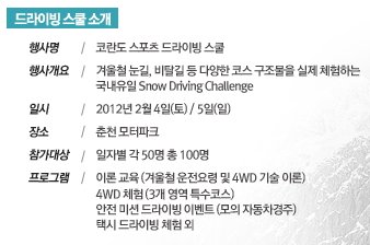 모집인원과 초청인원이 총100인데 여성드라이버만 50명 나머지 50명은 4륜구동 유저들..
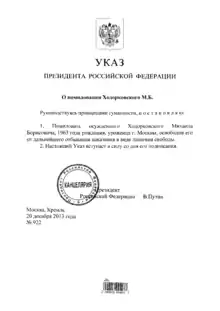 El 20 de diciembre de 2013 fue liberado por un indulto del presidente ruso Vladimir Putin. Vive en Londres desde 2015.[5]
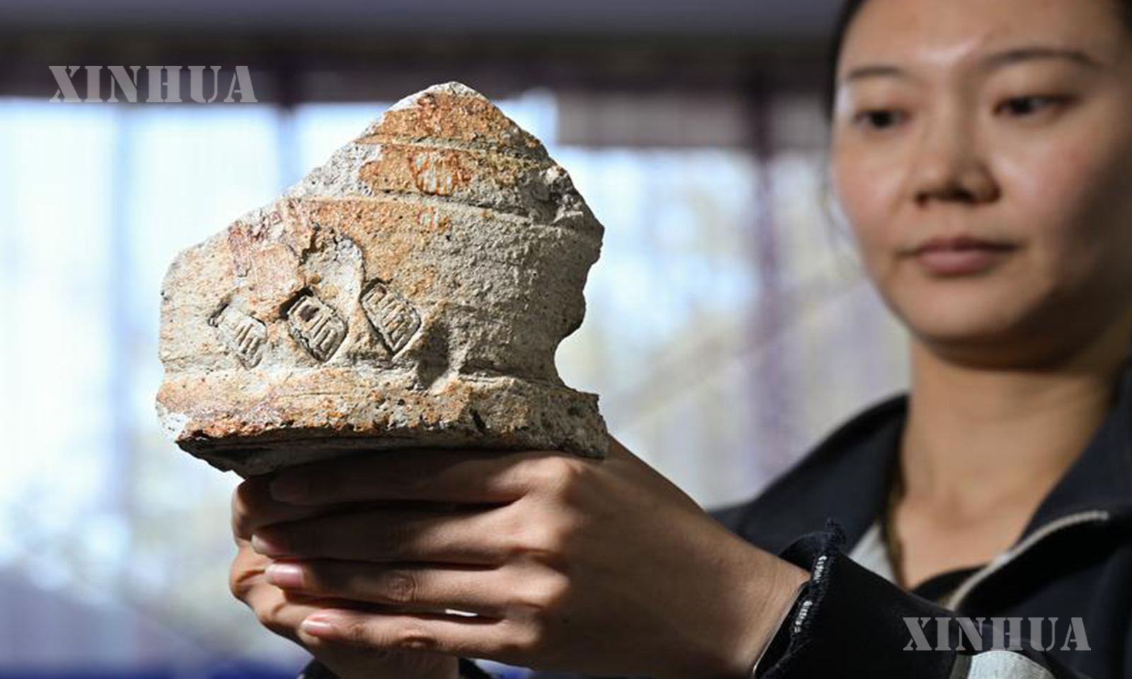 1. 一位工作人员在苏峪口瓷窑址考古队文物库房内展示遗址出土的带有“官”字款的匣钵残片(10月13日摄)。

--

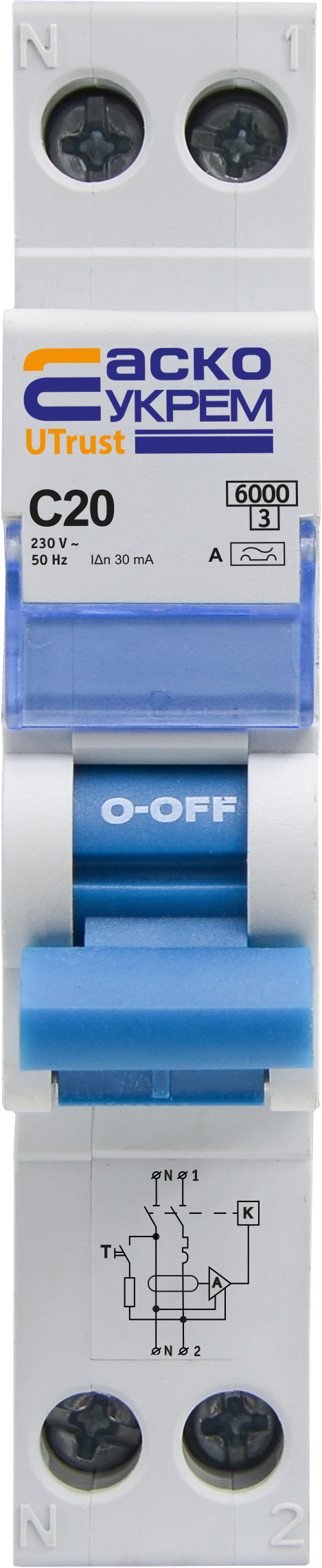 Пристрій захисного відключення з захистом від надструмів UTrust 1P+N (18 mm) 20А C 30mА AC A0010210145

--

## What to work on
With the pictures omitted, copy exactly the lines of the listing above starting at the line containing "모집인원과 초청인원이 총100인데" and ending at the line containing "1. 一位工作人员在苏峪口瓷", both included.

## Answer section
 모집인원과 초청인원이 총100인데 여성드라이버만 50명 나머지 50명은 4륜구동 유저들..
 El 20 de diciembre de 2013 fue liberado por un indulto del presidente ruso Vladimir Putin. Vive en Londres desde 2015.[5]
 1. 一位工作人员在苏峪口瓷窑址考古队文物库房内展示遗址出土的带有“官”字款的匣钵残片(10月13日摄)。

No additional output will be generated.